• **Task item**: Take the lines below beginning at the line that has "弊社最新のUSB-C PD 3.1規格に準拠し、なんと最大240Wまで対応。" and stopping after the line that has "This is it!", and print them exactly as they are, with no other lines.

• **Exercise data**:
........

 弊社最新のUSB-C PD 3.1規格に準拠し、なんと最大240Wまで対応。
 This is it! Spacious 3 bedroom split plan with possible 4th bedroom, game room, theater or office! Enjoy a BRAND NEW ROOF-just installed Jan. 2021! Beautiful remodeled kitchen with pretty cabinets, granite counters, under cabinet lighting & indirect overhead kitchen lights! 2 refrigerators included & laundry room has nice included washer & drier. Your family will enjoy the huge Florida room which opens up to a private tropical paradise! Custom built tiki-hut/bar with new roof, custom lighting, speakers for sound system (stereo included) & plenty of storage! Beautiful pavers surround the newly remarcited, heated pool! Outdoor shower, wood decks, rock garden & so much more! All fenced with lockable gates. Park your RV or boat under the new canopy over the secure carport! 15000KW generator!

........

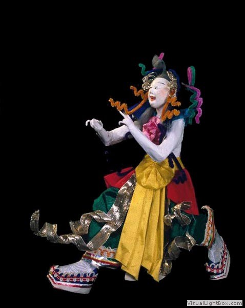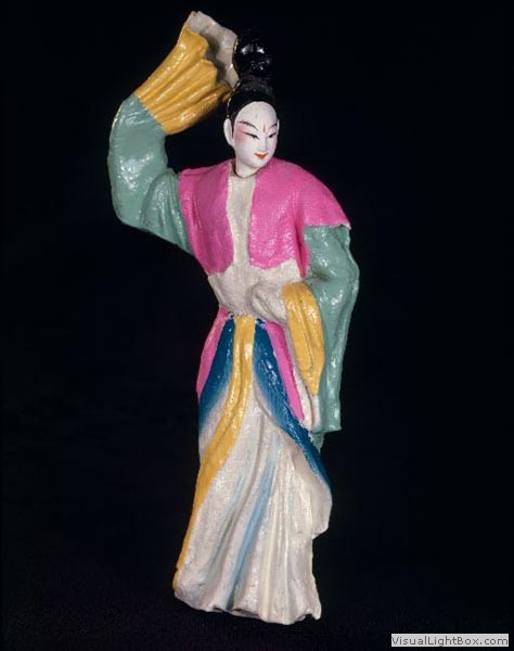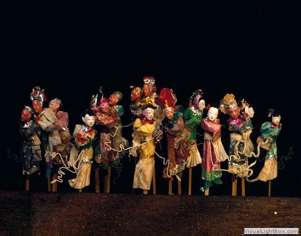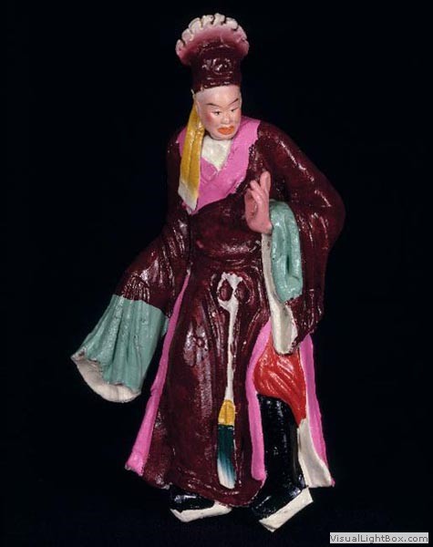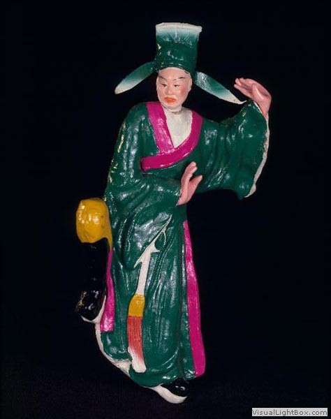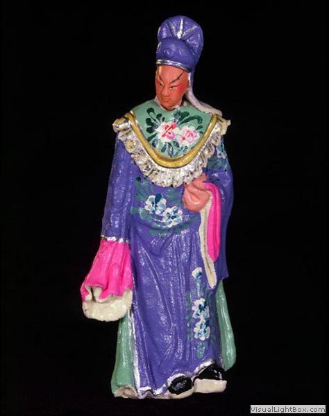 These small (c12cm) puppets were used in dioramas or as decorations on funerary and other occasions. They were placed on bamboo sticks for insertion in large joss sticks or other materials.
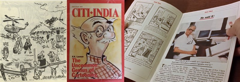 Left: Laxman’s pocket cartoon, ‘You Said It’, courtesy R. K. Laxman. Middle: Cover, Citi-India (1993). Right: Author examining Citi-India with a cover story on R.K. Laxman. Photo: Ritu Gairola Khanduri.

........

• **Output of the task**:
 弊社最新のUSB-C PD 3.1規格に準拠し、なんと最大240Wまで対応。
 This is it! Spacious 3 bedroom split plan with possible 4th bedroom, game room, theater or office! Enjoy a BRAND NEW ROOF-just installed Jan. 2021! Beautiful remodeled kitchen with pretty cabinets, granite counters, under cabinet lighting & indirect overhead kitchen lights! 2 refrigerators included & laundry room has nice included washer & drier. Your family will enjoy the huge Florida room which opens up to a private tropical paradise! Custom built tiki-hut/bar with new roof, custom lighting, speakers for sound system (stereo included) & plenty of storage! Beautiful pavers surround the newly remarcited, heated pool! Outdoor shower, wood decks, rock garden & so much more! All fenced with lockable gates. Park your RV or boat under the new canopy over the secure carport! 15000KW generator!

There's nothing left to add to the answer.